Постучав в томно-зеленые, выкрашенные масляного краскою двери, он сиял по привычке шапку, незаметно перекрестился и вытер ноги.
– Ты не туда ломишься! – закричала та же баба, проходя с пустыми ведрами. – Ступай отсель! – Она, как птица переломанным крылом, неопределенно махнула свободной рукой и скрылась за вишневником.
Егор, все так же держа шапку в руках, повернул за угол. Навстречу выскочил беловолосый мальчик лет тринадцати, с лопатою в руках.
– Погоди-ко, эй, шустряк, чего ты так несешься? – закричал Егор.
– А что? – остановился тот.
– Вот то-то, что «а что», где тут у вас набольший?
– Николай Захарыч?
– Какой тебе Миколай Захарыч, самый набольший?
Мальчик прыснул.
– Это же и есть Николай Захарыч, эвона, – он указал лопатой за кусты сирени, – в парниках. Ты что, аль сына хочешь к нам приладить?
– Да, Васютку, – обрадовался Егор. – Ты тоже учишься?
– А как же… Я – талызинский, на фершала хочу.
– Это-то мне и нужно! – просиял мужик. – Слава тебе, господи, добрался!..
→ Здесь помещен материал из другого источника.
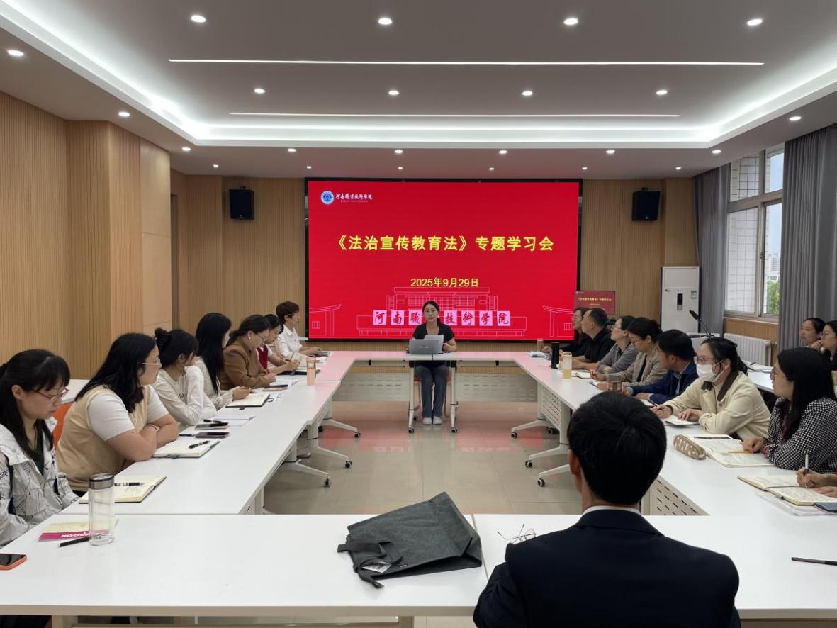 9月29日下午,学校马克思主义学院在勤业楼510会议室召开了《法治宣传教育法》专题学习会,深入学习宣传和贯彻实施《中华人民共和国法治宣传教育法》,全面提升思政课教师法治素养,营造尊法学法守法用法的良好氛围。会议由副院长胡海涵主持,全体思政课教师参会。

Осенью, после воздвиженья, Егор привез сына в Городище, пристроил его у своей новой приятельницы – нищенки, и Вася четыре года учился у Николая Захарыча разным наукам. Через каждые шесть недель Егор запрягал Гнедка Рупь-Пять, клал в телегу муку, картофель, полбутылки масла или кусок сала, мать завертывала в тряпицу пару сдобных лепешек и десяток яиц, укладывала чистые рубахи, и старик, перекрестясь, трогался в путь. В селе Верхососенье, на полпути от Городища, Егор забегал в бакалейную за нюхательным табаком для приятельницы: если были лишние деньги, прикупал на пятачок коробку «народного» чая, а приехав, здоровался с побирушкой и спрашивал:
– Ну, как твоя?
– Талька-то? – Старуха морщилась, поднимала кверху голову и, приставив кривой палец к бородавке на губе, важно отвечала:
– Талька, шельма, теперь свое дело знает, парень… Талька – ее, брат, теперь не схватишь, вот что я тебе скажу.
Егор кивал головою.
– Еще много?
– Скоро… одну зиму… А тогда и учительша. Егорушка, подумай-ка, эх, ми-и-лай!.. «Я, грит, тебя, бабонька, возьму к себе на воспитание… Будет, грит, таскаться-то с мешком: пора отдых знать…» – Старуха хныкала от радости и вытирала красно-бурый нос, похожий на лесную грушу, полой кацавейки. – «Будет, грит, помаялась…»
Прибежал Васютка.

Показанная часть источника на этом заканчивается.